What is SQL?
What is SQL?
by Boxplot Analytics Aug 31, 2019
What is SQL?
Currently, if you Google this question, you’ll get a whole slew of technical articles that aren’t very helpful for understanding just what SQL is and when people use it. We’ll break that down in this blog post. This is a high level overview – if you want to understand how to actually write queries, check out some of my other blog posts.
SQL stands for “Structured Query Language.” Some people spell it out when referring to it (“S-Q-L”) and some people say something that sounds like “sequel.” Both are acceptable. Notice the word “language” in there. The word “SQL” just stands for the language itself. To use SQL, you need to pick a product first. Here are some popular SQL products:
As you can see, each product comes with its own version of SQL language and its own program for typing in SQL queries and running them. Most of the programs are free to download and use. Storing data on the server is what costs money, and usually your company’s IT department will handle all that. They’ll set up a server, put the data onto it, and then give you a username and password to connect to that server.

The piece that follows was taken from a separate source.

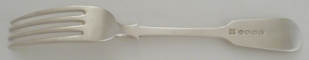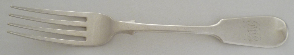 DESCRIPTION | Victorian silver Fiddle pattern table fork with a light frontal monogram engraving. Could be erased for £12. |

Even though each of these programs use their own SQL language, the good news is that SQL is standardized – that means that the major concepts won’t change no matter which program you are using. The bad news is that there will be small (and annoying) syntax changes taht you’ll need to be aware of if you switch between programs. For example, concatenation in Microsoft SQL and MySQL does the same thing – puts strings together. But in MySQL, you’d type
SELECT CONCAT('MS','SQL','Tips') whereas in Microsoft SQL Server you’d type
SELECT ('MS' + 'SQL' + 'Tips').
By the way, most of these programs look almost exactly the same. Here’s what pgAdmin looks like:
The other programs have an almost identical layout. You’ll type your queries in the box at the top of the screen, you’ll see what servers/databases you are connected to on the left side of the screen, and you’ll see a preview of the results of your query in the box towards the bottom of the screen.
If you’re a data analyst, or someone who works with data in their job, you will be using SQL to extract data from a server. Companies, even small ones, have massive amounts of data associated with their business. They have data about their employees. Data about who visits their website. Data from social media platforms about who their fans are or where the fans are clicking. Data about sales and customers… you get the picture! Very quickly, a business owner will realize that s/he cannot store all of this information in Excel. The data will simply become too large. So, the solution is to store the data in a server.
A server is a machine whose entire purpose is to store data. Picture a CPU (like for a desktop computer) but with no mouse, no keyboard, no monitor. It’s literally a physical box that just sits, turned on, all day and stores your data. This box could be located physically in your company’s office, but that’s unlikely. Most companies pay for space on Google or Amazon’s servers, which are stored in giant warehouses across the country. To help organize your data, you can have multiple “databases” on that server, and then within each database, you can have multiple “tables.” Graphically, the hierarchy looks something like this:
You use a SQL program (like one of the ones listed above) to connect to this server (and thus also the databases and tables) and then write SQL language to tell the server exactly what data you need for whatever project or question you’re working on.
Real World Sequence
Okay, let’s put it all together in practice. In the real world, the scenario might look something like this:
Your boss asks you a question.
It might be something as simple as “how many customers do we currently have?” (which would be a single number as an answer) or something as complicated as “tell me everything you can find out about our Facebook presence” (which would be a series of dashboards based on your company’s Facebook data).
Get the data you need to answer the question.
You open up your SQL Program (Microsoft SQL Server, Postgres, MySQL, whichever) and write a query that will return exactly the data you need to answer your boss’s question. No more no less. Then you export it (usually as a .csv file).
Analyze the data.
You open up that export from the previous step and use an analysis program like Microsoft Excel, Tableau, or Python to get the answer to your boss’s question. So for example, if you exported as a .csv file, you might open up that .csv file in Microsoft Excel and do some formulas, charts, and PivotTables to get results.
Pass off the results and repeat.
Send the results to your boss – this could mean sending an email with a number in it or sending an entire Excel file with multiple dashboards in it. Or making a PowerPoint and presenting it. Whatever format your company wants is the format in which you’ll deliver the results. Then, you’ll repeat all of these steps for the next question!
While it’s nice to understand that there is a server, as the analyst you don’t usually need to get too caught up in the inner workings of servers and databases. Analysts are typically not responsive for creating databases, changing databases, getting data into databases, or organizing databases. You just need to know how to run SQL queries to extract the data needed to answer questions for your organization.